Dyskeratosis congenita
Pulmonary fibrosis
Aplastic anaemia
Hoyeraal-Hreidarsson syndrome

Question 98

What is replicative senescence

Answer 98

If cells lack telomerase activity their telomeres shorten with increasing cell divisions until a program of cell senescence is activated.

Question 99

What is the Hayflick limit and when does it occur?

Answer 99

After about 50 doublings (known as the Hayflick limit, after its discoverer) they stop dividing and enter a senescent state.

Question 100

What happens when too high levels of telomerase are produced in cells?

Answer 100

predisposition to oncogensis

Question 101

When are high levels of telomerase needed in cells?

Answer 101

in cells that need to undergo extensive proliferation, including germ cells, early embryo cells and somatic stem cells.
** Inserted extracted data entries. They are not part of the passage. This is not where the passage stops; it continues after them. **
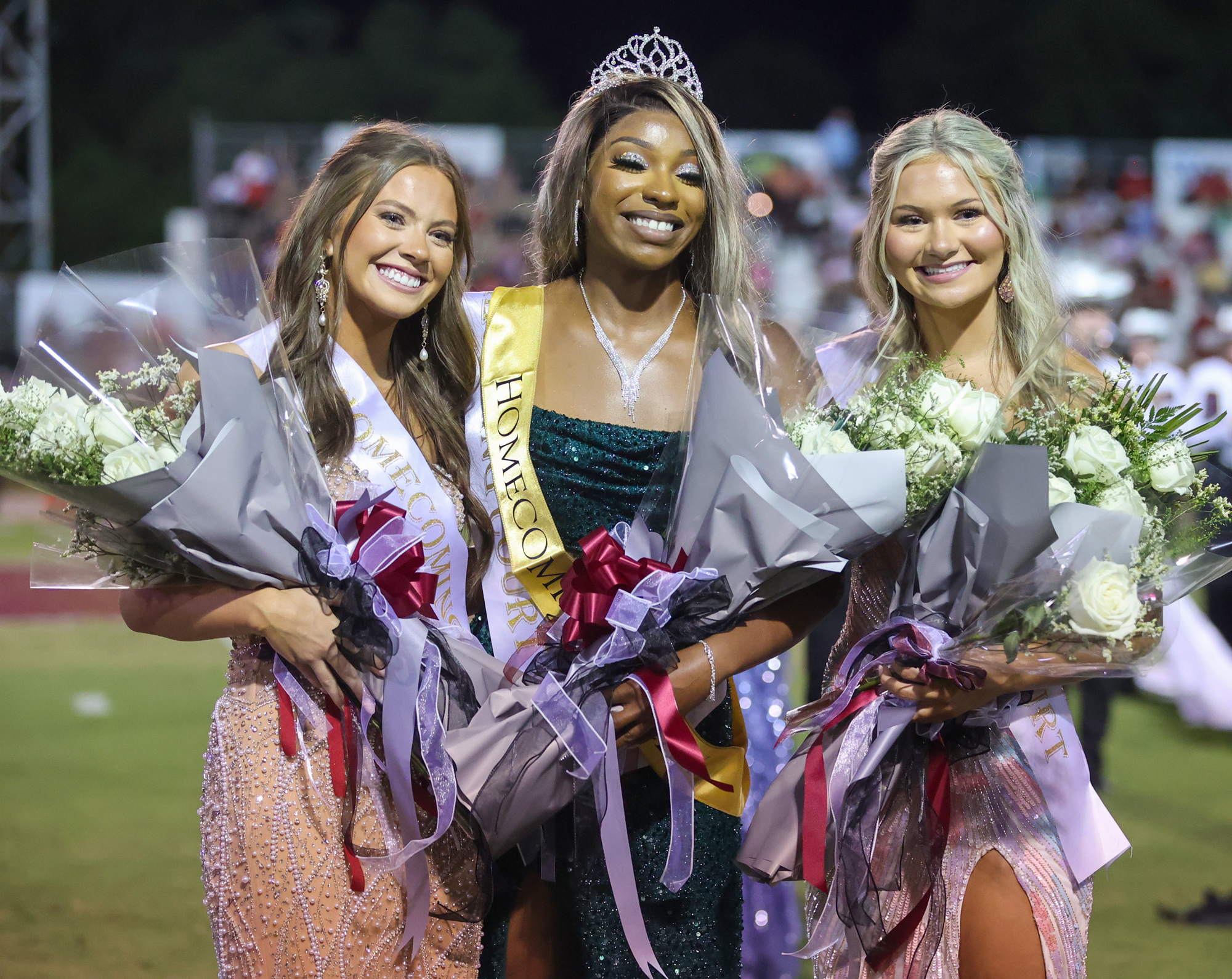 Pictured above: (L-R) First runner-up Taylor Dyer, Homecoming Queen Destiny Moorer, and second runner-up McKenna Lister. NorthEscambia.com photos, click to enlarge.
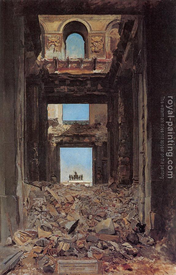 * Hand-painted Jean-Louis Ernest Meissonier Oil Painting Reproduction : The Ruins of the Tuileries Palace after the Commune
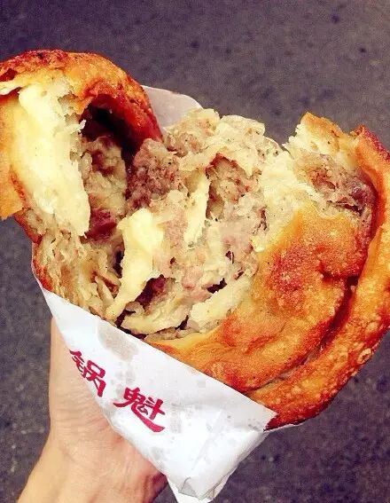 大概等个十来分钟,就可以起锅了,一锅二十个油亮油亮的锅魁,混着猪肉馅、牛肉馅、红糖和白面。卖的最好的属牛肉馅和猪肉馅,咬一口,酥脆掉渣,油香四溢,带着麻辣和椒香,两层厚实的肉馅使得内馅儿异常饱满,口口有肉。
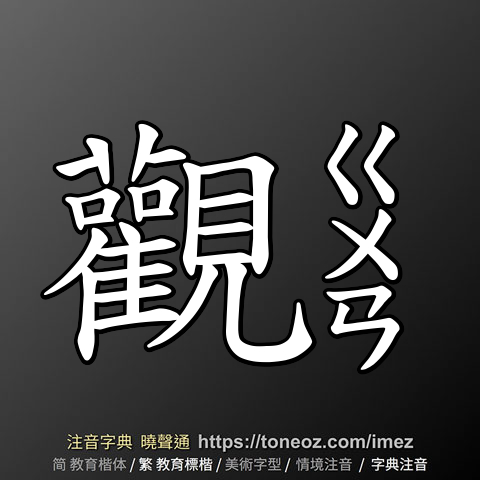 觀,注音ㄍㄨㄢˋ,拼音guàn,辭典解釋為:1.道教的廟宇。例:道觀 2.六十四卦之一。坤(☷)下巽(☴)上。象先王教化風行於世之意。

Telomerase expression in these cells allows telomere lengths to be maintained or extended in order to resist senescence.

Question 102

When telomeres are not well protected by shelterin, what can happen?

Answer 102

If TRF2 is mutated, chromosome ends can fuse with one another or to broken DNA. Such events are highly genome destabilising, mutagenic and therefore potentially oncogenic.

Question 103

What is the sequence of repeats that Telomerase adds to the end of the lagging strand?

Answer 103

TTAGGG

Question 104

Name a protein complex that prevents telomeric DNA being recognised

Answer 104

Shelterin

Question 105

What is the subunit of telomerase with reverse transcriptase activity?

Answer 105

TERT

Question 106

What is a component of telomerase that acts as a reverse transcription template?

Answer 106

TERC

Question 107

What is a component of shelterin is implicated in preventing telomere fusion?

Answer 107

TRF2

Question 108

Concerning Topoisomerase II (select all correct statements):

1) It is essential for cell viability
2) It is the only way to relax positive supercoils.
3) It cuts both strands of the DNA double helix
4) It a target for anti-cancer drugs.
5) Is necessary for the initiation of DNA replication

Answer 108

1) It is essential for cell viability
3) It cuts both strands of the DNA double helix
4) It a target for anti-cancer drugs

Question 109

Select all correct statements.

1) Excessive telomerase activity increases the risk of oncogenesis.
2) Impaired telomere maintenance increases the risk of oncogenesis.
3) Up-regulating telomerase is an acceptable approach to increasing human life-span.
4) Inhibiting telomerase in cancer cells is an acceptable approach in anti-cancer research.
5) Many telomere syndrome symptoms can be explained by loss of somatic stem cells.

Answer 109

1) Excessive telomerase activity increases the risk of oncogenesis.
2) Impaired telomere maintenance increases the risk of oncogenesis.
4) Inhibiting telomerase in cancer cells is an acceptable approach in anti-cancer research.
5) Many telomere syndrome symptoms can be explained by loss of somatic stem cells.